When worker_transcoder's file watcher finds the HLS master playlist or any type of output files in a non-detection target output rendition, the new files are uploaded immediately to cloud storage as they don't need to go through object detection. If the file is a detection target variant playlist that is newly created or updated (note that update of variant playlists happens constantly during a live streaming event), it should not be uploaded directly. This is because detection target variant playlist contains output video segments that are generated straight from Shaka packager. These un-annotated segments are not delivery-ready to viewers of the detected/annotated videos. Rather, a new annotated variant playlist must be created to contain annotated segments after they are generated by the object detector. The annotated segments are added to the annotated playlist only after they finishes object detection and are uploaded to cloud storage. Finally, the annotated playlist can be uploaded and the annotated segments can be made available for live streaming.
If the file watcher finds a detection target video initialization segment (containing MOOV box only), it caches the local storage path of the init segment and the segment will be used later. Note that the content of init segments do not change during a live streaming event unless video encoder reconfiguration happens (which is not allowed in ezLiveStreaming).
If the file watcher finds a detection target video data segment (containing MOOF and MDAT boxes), the file watcher loads the init segment and concatenates it with the video data segment. The concatenation outputs a self-initialized video segment with both the initialization section and data section. The concatenation step is needed because the object detector requires self-initialized video segments as input. Specifically, the object detector converts a video segment into a sequence of images. The segment-to-images conversion requires the initialization section. Next, a new object detection job is created and inserted into the detection job queue. Worker_transcoder uses a separate monitor thread to fetch detection jobs from the queue and executes the job (i.e., run object detection tasks on the input video segment).

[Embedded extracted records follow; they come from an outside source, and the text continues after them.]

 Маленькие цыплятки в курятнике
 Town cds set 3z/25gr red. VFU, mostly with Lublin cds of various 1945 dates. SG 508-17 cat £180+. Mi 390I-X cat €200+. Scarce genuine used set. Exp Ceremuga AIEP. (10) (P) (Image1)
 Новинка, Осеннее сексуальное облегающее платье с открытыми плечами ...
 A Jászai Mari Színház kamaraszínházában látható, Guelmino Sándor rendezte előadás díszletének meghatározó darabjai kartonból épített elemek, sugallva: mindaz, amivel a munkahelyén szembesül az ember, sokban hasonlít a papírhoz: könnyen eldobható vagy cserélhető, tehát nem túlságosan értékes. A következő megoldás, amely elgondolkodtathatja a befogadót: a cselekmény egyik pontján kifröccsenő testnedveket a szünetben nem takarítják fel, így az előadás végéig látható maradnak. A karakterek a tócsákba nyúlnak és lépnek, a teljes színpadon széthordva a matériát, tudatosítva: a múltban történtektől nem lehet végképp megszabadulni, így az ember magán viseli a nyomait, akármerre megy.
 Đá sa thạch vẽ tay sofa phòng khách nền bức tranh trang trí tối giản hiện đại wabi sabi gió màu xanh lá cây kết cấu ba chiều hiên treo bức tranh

The detection job monitor thread (started by the worker_transcoder main thread) periodically polls the queue for new detection jobs. The thread only executes the job if the number of currently running detection jobs does not exceed a hardcoded maximum allowed number. Limiting the number of running detection jobs can prevent overloading the live worker and causing interruption of the live annotated video streaming since Yolo inference is highly compute-intensive. The execution of detection jobs runs in their own threads (called detector threads), so they does not block the detection job monitor thread.
Each detector thread runs the object detection scripts that reside in a different Github repo, https://github.com/maxutility2011/od_yolov8. In that repo, od.sh is the main script executed by a detector thread when executing a detection job. It contains 3 major steps. First, it runs FFmpeg to convert the input video segment file to a sequence of images. Second, it runs yolo.py, the Yolo inference process on the sequence of un-annotated input images to generate a sequence of annotated output images. Third, it runs FFmpeg to merge and re-encode the annotated images to a single output video segment file.

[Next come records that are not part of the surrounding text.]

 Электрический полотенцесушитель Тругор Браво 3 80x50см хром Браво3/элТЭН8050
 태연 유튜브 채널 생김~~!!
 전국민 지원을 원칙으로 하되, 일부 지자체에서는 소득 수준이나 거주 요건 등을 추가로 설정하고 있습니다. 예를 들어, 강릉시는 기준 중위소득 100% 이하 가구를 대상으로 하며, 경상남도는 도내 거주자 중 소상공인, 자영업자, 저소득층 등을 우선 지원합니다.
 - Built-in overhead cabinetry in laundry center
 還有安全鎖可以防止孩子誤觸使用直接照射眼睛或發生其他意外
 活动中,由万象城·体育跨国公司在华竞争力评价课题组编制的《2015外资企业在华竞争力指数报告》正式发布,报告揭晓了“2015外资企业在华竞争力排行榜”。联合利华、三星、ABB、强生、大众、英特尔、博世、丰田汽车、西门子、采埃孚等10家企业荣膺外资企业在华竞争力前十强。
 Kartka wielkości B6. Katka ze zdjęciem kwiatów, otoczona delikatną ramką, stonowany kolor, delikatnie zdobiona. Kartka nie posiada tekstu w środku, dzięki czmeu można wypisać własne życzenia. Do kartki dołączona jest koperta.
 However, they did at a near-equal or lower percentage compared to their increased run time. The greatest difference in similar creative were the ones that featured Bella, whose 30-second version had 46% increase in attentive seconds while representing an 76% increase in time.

The input video file (i.e., a self-initialized media segment) is broken into Fr * Dur number of images using FFmpeg. Fr is given by Input_video_frame_rate in the live job. Dur is the duration of the input video file. For example, if Input_video_frame_rate is 10 fps and input video duration is 10 secs, the input video will be broken into 100 images.
The Yolo inference script, yolo.py reads un-annotated images from the input folder, runs inference on the images, and writes the annotated images to the output folder. Yolov8 is used for the image inference. All the prerequisites by running Yolov8 inference (e.g., pytorch, ultralytics, Yolo model file) are pre-installed in the docker image of live worker so that the Python script can run directly without the need to download the model file first. This saves some inference time.
On my c5.4xlarge instance without GPU acceleration, inferring one 320x180 image takes about 50ms. That means the input video frame rate cannot be higher than 20 fps, otherwise we won't be able to infer/detect the whole video segment in real-time speed. Since loading and initialing the Yolo model also takes time, in practice a c5.4xlarge instance will not be capable of supporting an input frame rate of 20 fps, i.e., detecting 20 images per second. However, on machines with the capability of GPU acceleration, the inference performance can be significantly boosted. A future work will be upgrading yolo.py to support running Yolov8 inference on GPU(s).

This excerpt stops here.